In the first place, if the airport were owned and operated by the State, no Federal or municipal sales taxes could be validly collected.
In the second place, if it were owned and operated by a municipality, no Federal or State sales taxes could be collected. Remember, this not only covers gasoline, but any type of personal property.
Third: If it were owned and operated by a public authority not itself having the power to tax, neither Federal, State nor municipal sales taxes could be collected.
At this point I must say I am extremely curious to know, for example, how a municipality can by contract with the Federal Government deprive the State of its power of taxation.
Moreover, in the case of an airport owned and operated by the State, the bill would purport to require an agreement by the State that it would not levy taxes upon sales of aviation gasoline to particular carriers at particular airports. I am curious as to whether one legislature can bind a future legislature on this point, and also whether such a discriminatory exemption would be valid under any State constitution.
And as a tax-paying citizen, I am concerned about special tax treatment of an industry which one of its leaders admits accounted for only 16 percent of the landings and take-offs at the airports in the United States in the year 1947.
In conclusion, gentlemen, I can only say that these are but a few of the points which illustrate the vices of the bill which is before you. If it be passed, I would recommend that the Port of New York Authority not seek to participate in the Federal airport-aid program. I believe that the bulk of the large airports in the United States would be compelled to take the same action. Such action would mean serious cut-backs in all of our airport-development programs with resulting harm to the development of air transportation as an essential part of our peacetime economy and a tremendous force for our defense in time of war.
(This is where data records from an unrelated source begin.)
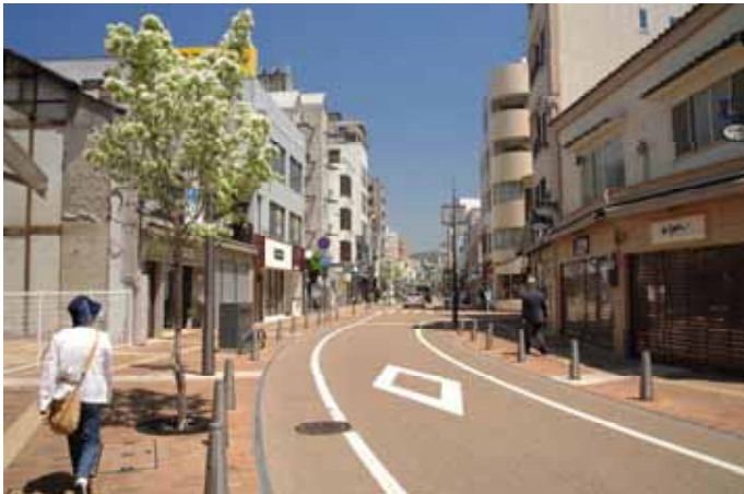
車道・歩道舗装の例、車道舗装：脱色アスファルト舗装、歩道舗装：煉瓦舗装（ローフウェイ街、松山市、愛媛）
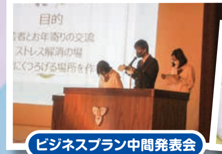
ビジネスプラン中間発表会
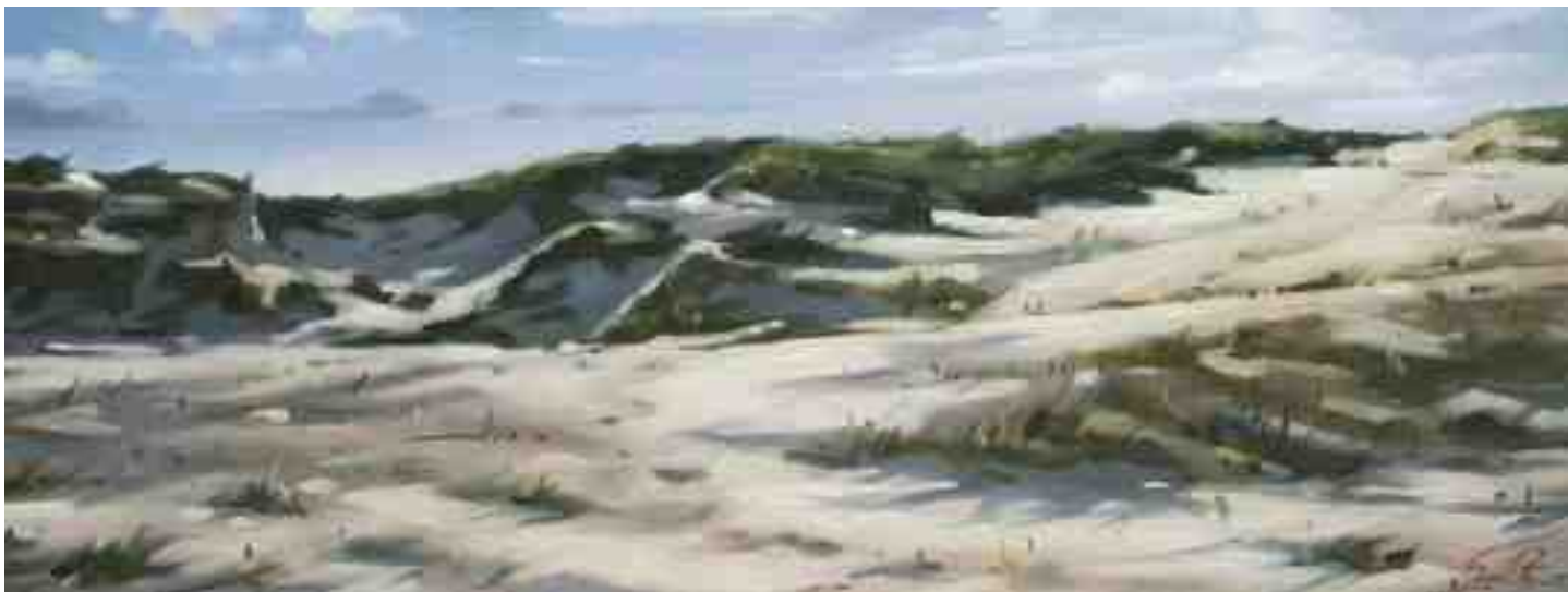
Dünenlandschaft bei St. Peter Ording II 2012 | Öl/Lw./Holz | 15 x 40 cm
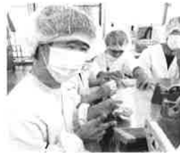
就労継続B型 焼き菓子製造
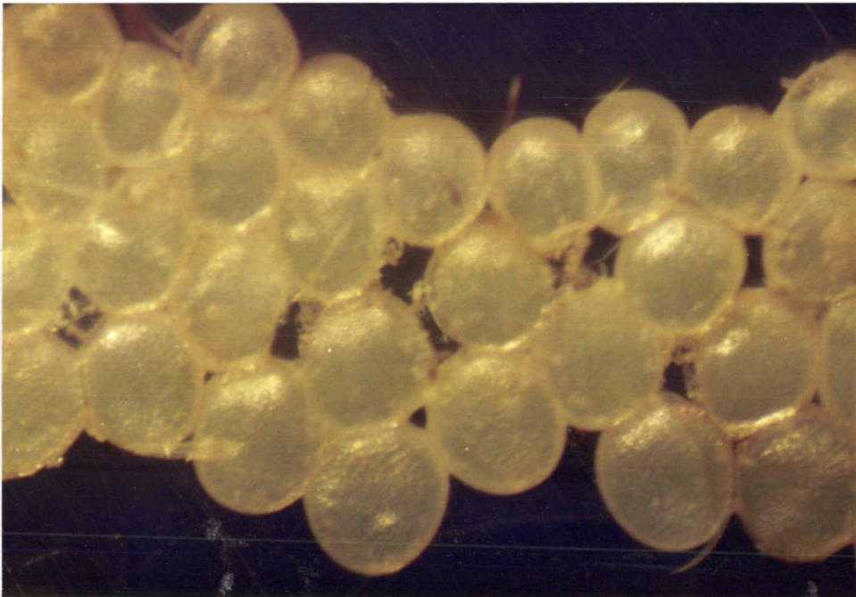
ภาพที่ 2 ลักษณะรูปร่างไขของหนอนผีเสื้อกินไขผึ้ง G. mellonella ( x 4)
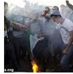
להחזיר את הכהניזם לממדים הטבעיים שלו
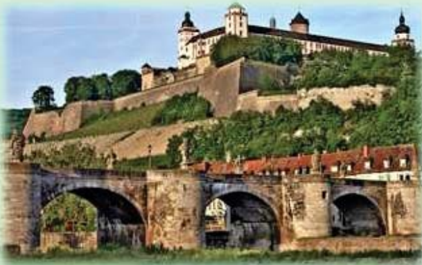
Würzburg, con su castillo

Vuelo a Frankfurt con Air Europa (UX1503). Salida: 07.25 / Llegada: 10.05. Recepción por nuestro guía y continuación del viaje a Heidelberg. Esta es la ciudad universitaria más antigua de Alemania y uno de los lugares más visitados debido a su idílica ubicación a las orillas del río Neckar. Almuerzo y visita de la parte antigua de la ciudad y del castillo en Heidelberg. Continuación a Würzburg. Cena y alojamiento en Würzburg.

At this point, I would like to refer to some comments which have been made in earlier remarks about the Airport Operators Council. I hope the chairman will permit me to say that I hope the committee will not take seriously the reference that the Port of New York Authority has been organizing the large airports of the country in order to work for the detriment of scheduled air transportation, and that is what was suggested this morning. I am sure that the chairman will appreciate that the Airport Operators Council, which is an association of the 20 largest airports of the country and on which we have Clarence Young, former member of the Civil Aeronautics Board, who is now director of airports for Los Angeles, and Mr. Inwood, director of aeronautics for Kansas City, and Colonel Dallin, who will speak to you later, as chief of the Bureau of Aeronautics of the City of Philadelphia, Maj. Jack Berry of Cleveland, who has been in this airport business for 25 years, Commissioner Hewitt of the Department of Public Works of Chicago, and many other of the finest and oldest names in aviation as members. I am sure that the chairman and the committee will recognize that those men are not permitting anyone so new in this business as the Port of New York Authority to influence them in their action.
I should, Mr. Chairman, appreciate an opportunity to file my copy of the constitution and bylaws by mail for the record of the Airport Operators Council so that the record may show its purposes and organization and objectives.
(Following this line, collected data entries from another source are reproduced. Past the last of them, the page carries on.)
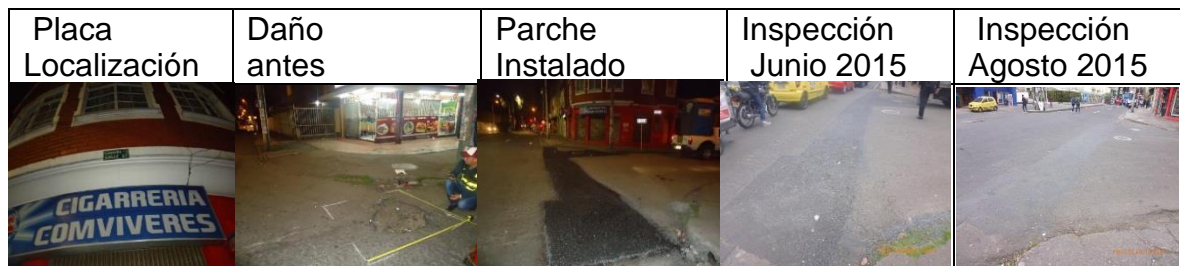
Figura 13. Registro fotográfico de los parches instalados por CIV: placa de localización del daño (a), daño antes de la intervención (b), parche instalado (c), inspección parche en junio 2015 (d), inspección del parche agosto 2015 (e)

CIV 13000871 Parche ejecutado el 17 de febrero de 2015 durante el en la noche KR 15 con CL 56 a 57
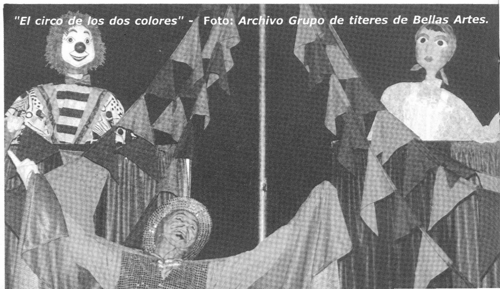
"El circo de los dos colores"
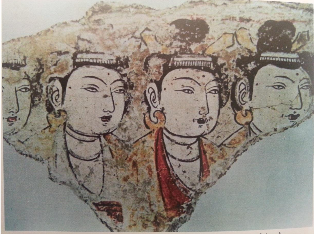
Resim 2.8. Vakıf Yapan Prensesler (O. Aslanapa)
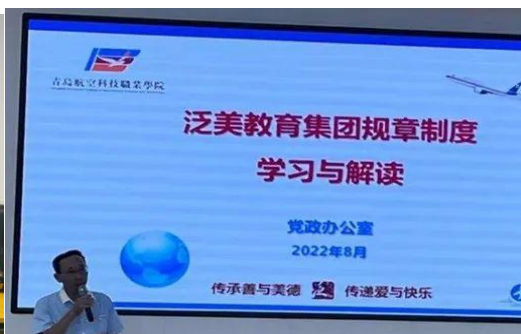
图 3-4 学校管理制度培训
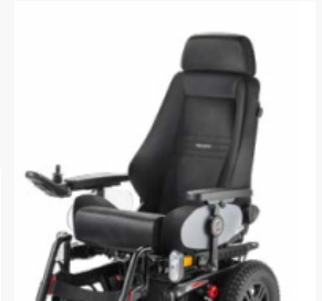
Recaro-Sitz in schwarzem Kunstleder
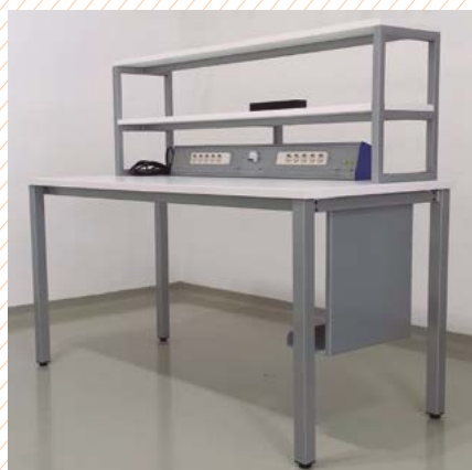
Mesa de informática. PARQUE ESCOLAR – PORTUGAL
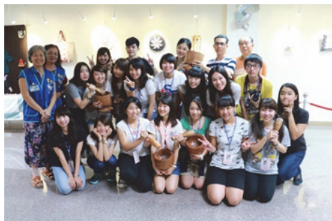
圖 27. 日本遊客體驗搗麻糬
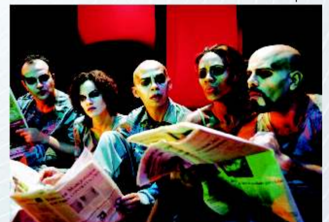
Angu de Sangue, com a atriz global Hermila Guedes, também participa do FTB
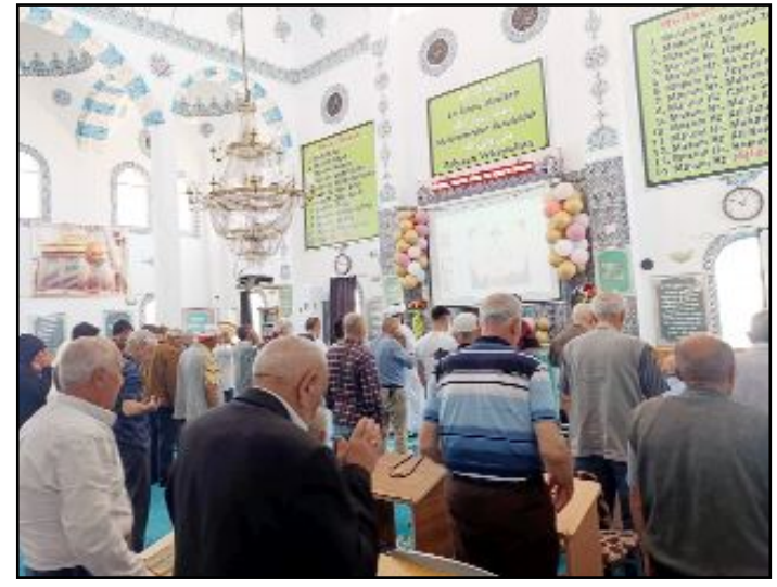
Öğle namazında biraraya gelen Aleviler, öğle ve ikindi namazını peşpeşe kıldık-tan sonra Kur'an okudu.

çuklara çeşitli hediyeler verildi. Program yapılan duanın ardından Ehli Beyt Vakfı'nın katılımcılarına yemek ikramıyla sona erdi. (Haber Merkezi)
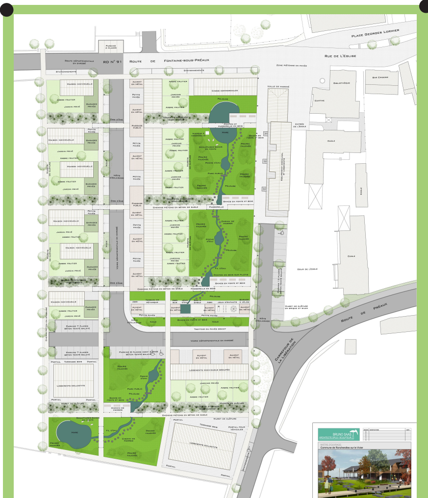
Plan masse de l'écoquartier des Arondes, espaces publics Crédits : plan de Bruno Saas, architecte DPLG
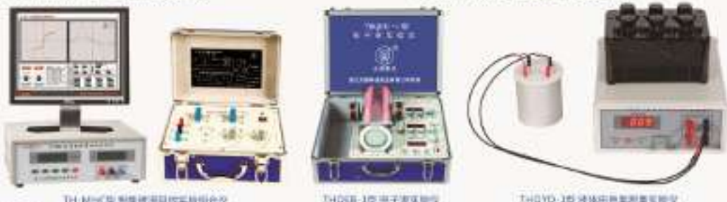
TH-MHC型 智能磁滞回线实验综合仪 THQEB-1型 电子束实验仪 THQYD-1型 液体电导率测量实验仪
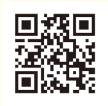
にっこりパスポート 専用ホームページ

<「北区子育てにっこりパスポート」って、何ですか？> 協賛店（区内（一部区外）の登録店舗）で提示すると、買い物などをした時に割引や特典などが受けられるカードです。
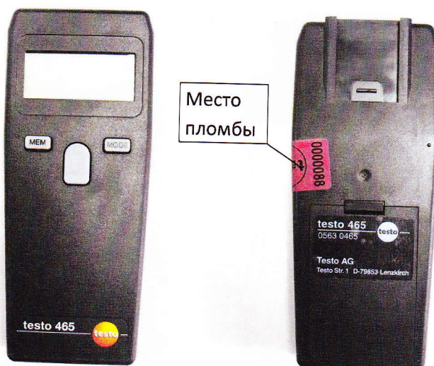
Рисунок 2. Фототахометр электронный Testo-465
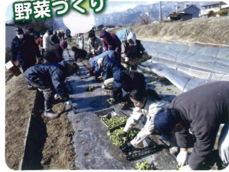
生産者団体の展示ほで、 早春レタスの講習(甲斐市)

Mr. HALE. The committee will be glad to receive such a statement. (The document referred to above is as follows:)
CONSTITUTION AND BYLAWS OF AIRPORT OPERATORS COUNCIL
1. Name.-The name of the association shall be Airport Operators Council. 2. Purposes.—The purposes of the council shall be to exchange information relative to airports and to encourage and promote such policies in connection with the financing, construction, operation and development thereof, as may best serve the public interest and the development of air transportation.
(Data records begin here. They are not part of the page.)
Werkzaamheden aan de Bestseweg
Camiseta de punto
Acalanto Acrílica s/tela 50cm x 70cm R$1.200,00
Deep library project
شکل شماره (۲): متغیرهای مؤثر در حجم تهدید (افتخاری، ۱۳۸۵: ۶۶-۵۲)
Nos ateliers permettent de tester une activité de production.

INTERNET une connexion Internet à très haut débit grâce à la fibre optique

3. New members.- New members shall be elected to membership in the council by a majority vote of the board of directors.
Any public and governmental department, board, commission, agency, authority, organization or body, whether incorporated or unincorporated, owning or operating one or more airports shall be eligible for election to membership in the council: Provided, That the number of commercial aircraft movements at such airport or airports, during 12 consecutive calendar months out of the 15 calendar months immediately preceding its election to membership, shall equal or exceed 1 per cent of all commercial aircraft movements at all airports within the continental limits of the United States.
4. Officers.—The officers of the council and their duties shall be as follows:
A president who shall be the chief executive officer of the council, and who shall act as chairman at meetings of the council and of the board of directors.
A first vice president who shall act in the place of the president in the event of his absence or other disability.
A second vice president who shall act in the place of the president in the event of the absence or other disability of both the president and first vice president.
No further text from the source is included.